▶ [Required action]:
Leave out any pictures and transcribe all other data below exactly.
Collected data below:
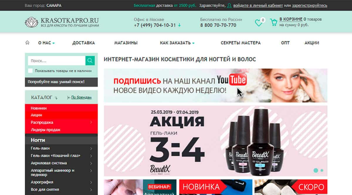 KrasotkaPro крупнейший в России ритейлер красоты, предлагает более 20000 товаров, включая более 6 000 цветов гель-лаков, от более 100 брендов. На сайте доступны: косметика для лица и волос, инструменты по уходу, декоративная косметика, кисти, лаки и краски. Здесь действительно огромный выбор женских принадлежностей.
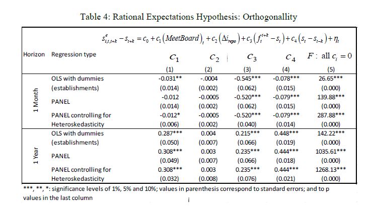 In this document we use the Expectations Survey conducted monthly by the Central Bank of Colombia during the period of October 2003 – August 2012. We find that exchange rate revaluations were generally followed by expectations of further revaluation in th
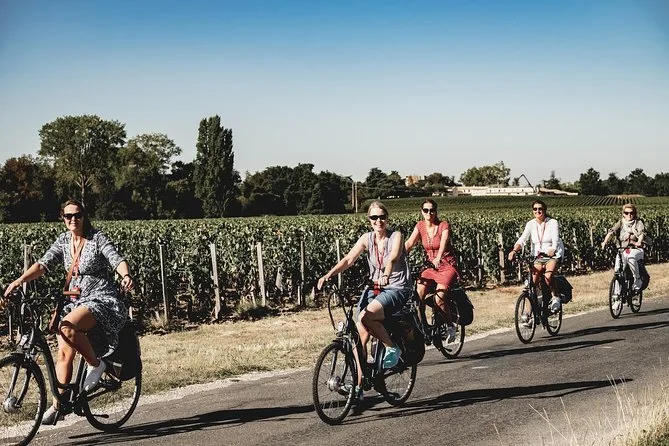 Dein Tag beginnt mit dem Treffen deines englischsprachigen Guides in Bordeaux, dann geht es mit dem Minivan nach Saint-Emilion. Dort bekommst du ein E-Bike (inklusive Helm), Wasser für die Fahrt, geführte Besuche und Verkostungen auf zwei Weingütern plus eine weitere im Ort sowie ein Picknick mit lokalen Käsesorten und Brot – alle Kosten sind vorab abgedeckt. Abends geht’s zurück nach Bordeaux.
End of Collected data.
▶ [Answer section]:
 KrasotkaPro крупнейший в России ритейлер красоты, предлагает более 20000 товаров, включая более 6 000 цветов гель-лаков, от более 100 брендов. На сайте доступны: косметика для лица и волос, инструменты по уходу, декоративная косметика, кисти, лаки и краски. Здесь действительно огромный выбор женских принадлежностей.
 In this document we use the Expectations Survey conducted monthly by the Central Bank of Colombia during the period of October 2003 – August 2012. We find that exchange rate revaluations were generally followed by expectations of further revaluation in th
 Dein Tag beginnt mit dem Treffen deines englischsprachigen Guides in Bordeaux, dann geht es mit dem Minivan nach Saint-Emilion. Dort bekommst du ein E-Bike (inklusive Helm), Wasser für die Fahrt, geführte Besuche und Verkostungen auf zwei Weingütern plus eine weitere im Ort sowie ein Picknick mit lokalen Käsesorten und Brot – alle Kosten sind vorab abgedeckt. Abends geht’s zurück nach Bordeaux.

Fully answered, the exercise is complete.